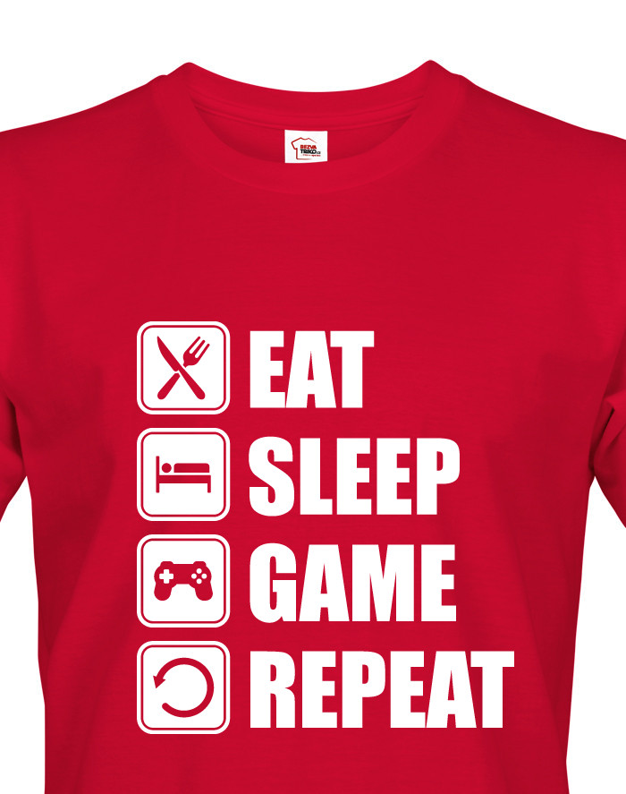 Pánské Geek/hráčské triko EAT, SLEEP, GAME, REPEAT – dokonalý dárek
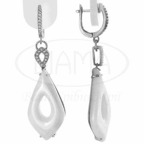 Срібні сережки 925 проби, покриті родієм. В сережках присутня ювелірна кераміка білого кольору та білий циркон.
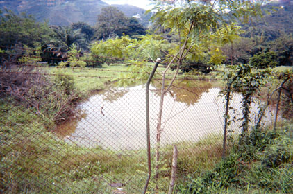 Plano general. Exterior día. Lago como punto distintivo de escena. Reja con formas geométricas superpuestas, aporta simetría a composición. Vegetación abundante.
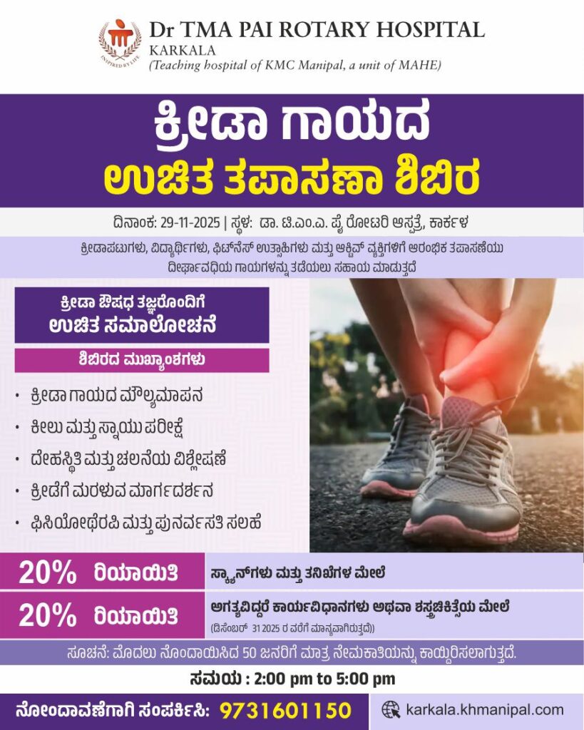 ಕಾರ್ಕಳ ನವೆಂಬರ್ 27: ಕಾರ್ಕಳದ ಡಾ. ಟಿಎಂಎ ಪೈ ರೋಟರಿ ಆಸ್ಪತ್ರೆಯು ನವೆಂಬರ್ 29, 2025 ರಂದು ಉಚಿತವಾಗಿ ಕ್ರೀಡಾ ಗಾಯಗಳ ತಪಾಸಣಾ ಶಿಬಿರವನ್ನು ಆಯೋಜಿಸಿದೆ, ಇದನ್ನು ಕ್ರೀಡಾಪಟುಗಳು, ವಿದ್ಯಾರ್ಥಿಗಳು, ಫಿಟ್‌ನೆಸ್ ಉತ್ಸಾಹಿಗಳು ಮತ್ತು ಕ್ರೀಡೆಗಳಿಗೆ ಸಂಬಂಧಿಸಿದ ಗಾಯಗಳನ್ನು ತಡೆಗಟ್ಟಲು ಅಥವಾ ನಿರ್ವಹಿಸಲು ಬಯಸುವ ಸಕ್ರಿಯ ವ್ಯಕ್ತಿಗಳಿಗಾಗಿ ವಿನ್ಯಾಸಗೊಳಿಸಲಾಗಿದೆ. ಈ ಶಿಬಿರವನ್ನು 29 ನವೆಂಬೆರ್ 2025 ಶನಿವಾರದಂದು ಡಾ ಟಿ ಎಂ ಎ ಪೈ ರೋಟರಿ ಆಸ್ಪತ್ರೆಯಲ್ಲಿ ಮಧ್ಯಾಹ್ನ 2:00 ರಿಂದ ಸಂಜೆ 5:00 ರವರೆಗೆ ನಡೆಯಲಿದೆ, ಭಾಗವಹಿಸುವವರಿಗೆ ಕ್ರೀಡಾ ಔಷಧ ತಜ್ಞರೊಂದಿಗೆ ಉಚಿತ ಸಮಾಲೋಚನೆಯನ್ನು ನೀಡಲಾಗುತ್ತದೆ. ಶಿಬಿರದಲ್ಲಿ ಕ್ರೀಡಾ ಗಾಯದ ಮೌಲ್ಯಮಾಪನ, ಕೀಲು ಮತ್ತು ಸ್ನಾಯು ಪರೀಕ್ಷೆ, ದೇಹಸ್ಥಿತಿ  ಮತ್ತು ಚಲನೆಯ ವಿಶ್ಲೇಷಣೆ, ಕ್ರೀಡೆಗೆ ಮರಳುವ ಮಾರ್ಗದರ್ಶನ, ಭುಜ, ಗಂಟು ಮತ್ತು ನಿರಂತರ ಬೆನ್ನು ನೋವಿನ ತಪಾಸಣೆ, ಫಿಸಿಯೋಥೆರಪಿ ಹಾಗೂ ಪುನಶ್ಚೇತನಾ ಸಲಹೆಗಳು ಸೇರಿವೆ. ಈ ಉಚಿತ ಸೇವೆಗಳ ಜೊತೆಗೆ, ಆಸ್ಪತ್ರೆಯು ಅವಶ್ಯ ಸ್ಕ್ಯಾನ್‌ಗಳು ಮತ್ತು ಪರೀಕ್ಷೆಗಳ ಮೇಲೆ 20% ರಿಯಾಯಿತಿ ಹಾಗೂ ಅಗತ್ಯವಿದ್ದರೆ ಕಾರ್ಯವಿಧಾನಗಳು ಅಥವಾ ಶಸ್ತ್ರಚಿಕಿತ್ಸೆಯ ಮೇಲೆ 20% ರಿಯಾಯಿತಿಯನ್ನು ನೀಡಲಿದೆ. ಶಸ್ತ್ರಚಿಕಿತ್ಸೆಯ ರಿಯಾಯಿತಿ ಡಿಸೆಂಬರ್ 31, 2025 ರವರೆಗೆ ಮಾನ್ಯವಾಗಿರುತ್ತದೆ.

========================================================================

Goal of the exercise = The answer is the lines above, word for word, from the first one through the one containing "Plano general. Exterior"; it includes no pictures.

Exercise response =
 Pánské Geek/hráčské triko EAT, SLEEP, GAME, REPEAT – dokonalý dárek
 Срібні сережки 925 проби, покриті родієм. В сережках присутня ювелірна кераміка білого кольору та білий циркон.
 Plano general. Exterior día. Lago como punto distintivo de escena. Reja con formas geométricas superpuestas, aporta simetría a composición. Vegetación abundante.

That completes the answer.